Brown has seen plenty of change in the city that has dominated his life. He was born in Springfield and has fond memories of a thriving downtown, and then, once the bustle of the peak years faded, of efforts to revitalize it, with redevelopment projects like Market Place, which Doherty Wallace was involved in.

“There was an ongoing attempt to pull Springfield up, and it never worked, and the effort stopped for a while,” he said. But now, he added, major economic-development pieces like MGM Springfield and Union Station, and a general sense of renewal downtown, has people excited again. “It’s an abundance of changes that create opportunities and bring Springfield to where we’d all like it to be — a thriving city.”

Doherty Wallace will enjoy the benefits of that renewed energy, Sweet said, at least for the next 10 years and, in all likelihood, much longer.

“The fact that we’re sitting here in downtown Springfield when other firms have left is telling,” he added. “At the end of the day, what you do as an organization is more important than what you say, and our firm has made a decision to stay here long-term. That’s more evidence of how we feel about the region. We’re hiring new lawyers, and we’re fortunate to have a lot of business, and interest from lawyers who want to come work here.”

Basile agreed. “There are a lot of great things about Springfield, and the people here at Doherty Wallace are really hopeful about the future,” she said. “We see the big picture, and we’re committed to the city.”

Brown told BusinessWest the region has never seen a project with as much transformative potential as the casino, due partly to the way it will be integrated with the entire downtown and have the ability to attract more business, which in turn may attract more residents, in a cycle of growth.

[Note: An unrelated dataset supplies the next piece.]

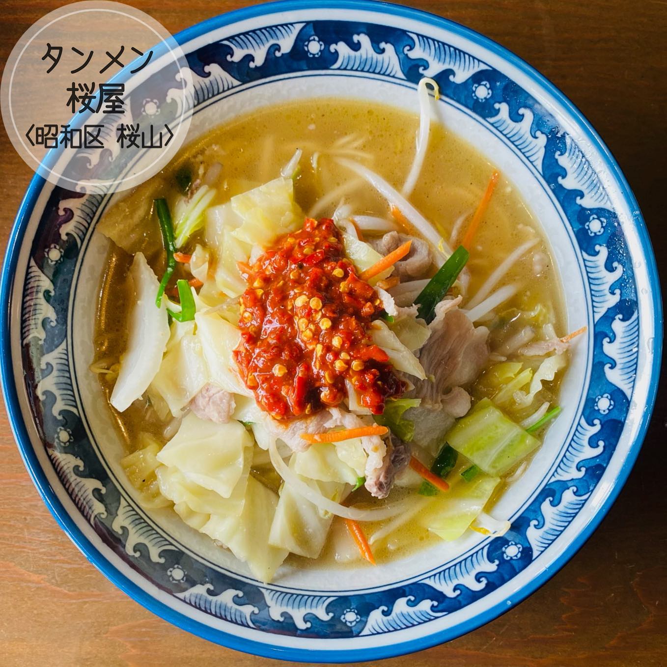名古屋市昭和区桜山のタンメン専門店・桜屋。野菜たっぷりの甘い鶏ガラスープに辛味を別添で調整。木を基調した店内と石畳の入口が印象的で、掘りごたつ席を含む座席数が多い。駅近・専用駐車場有り。タンメンは650円。

Meehan hopes so. He says the Pioneer Valley has always been a “poor cousin” to Boston as far as business growth, wealth, and opportunities, and noted that developments like the casino have run concurrent to backward steps as well, like Bank of America leaving the downtown area. “I’m scratching my head about that because they seemed to have some business here.”

One constant at Doherty Wallace, no matter the economic climate, has been a focus on volunteerism and community involvement, something Paul Doherty, famous for helping out with local organizations and initiatives, often without having to be asked.

“He set the example of how to be involved in the community,” Brown said. “It’s deeply part of the culture here, and everyone feels it, and everyone is encouraged to commit to the community.”

Sweet went even further, noting that this culture is one of the things that attracts people to work at Doherty Wallace. “It’s one of the reasons I chose to work here. We’re a significant part of the community in all ways.”

A Significant Loss

Brown recalls being hired to work alongside Doherty in 1977; in the interview, he was asked how he felt about working Saturdays. He immediately realized that this was a workplace that demanded much, but he learned the work was immensely rewarding as well.

“Paul was the leader of this law firm,” he said. “He set the tone in terms of the culture, the community involvement, the quality of lawyering. He was very focused on us providing the highest-quality service at all times.”

Basile agreed. “Paul was my mentor. He taught me how to be a lawyer,” she said. “The sad thing is, he wasn’t done. He had more to do. He was still committed to this city, to this law firm, and to inspiring those of us he left behind.”

Brown said Doherty knew everyone, and everyone knew him — and he valued those relationships far beyond his practice.

“Those relationships are what has endured over the decades, and those lessons on how to be a lawyer, how to give back to the community,” he told BusinessWest. “That’s all Paul Doherty. We were blessed to have him as long as we had him, and we still have him with us.”

That sentiment provides more than enough motivation for this half-century-old law firm that has experienced plenty of change, and welcomes whatever may come next.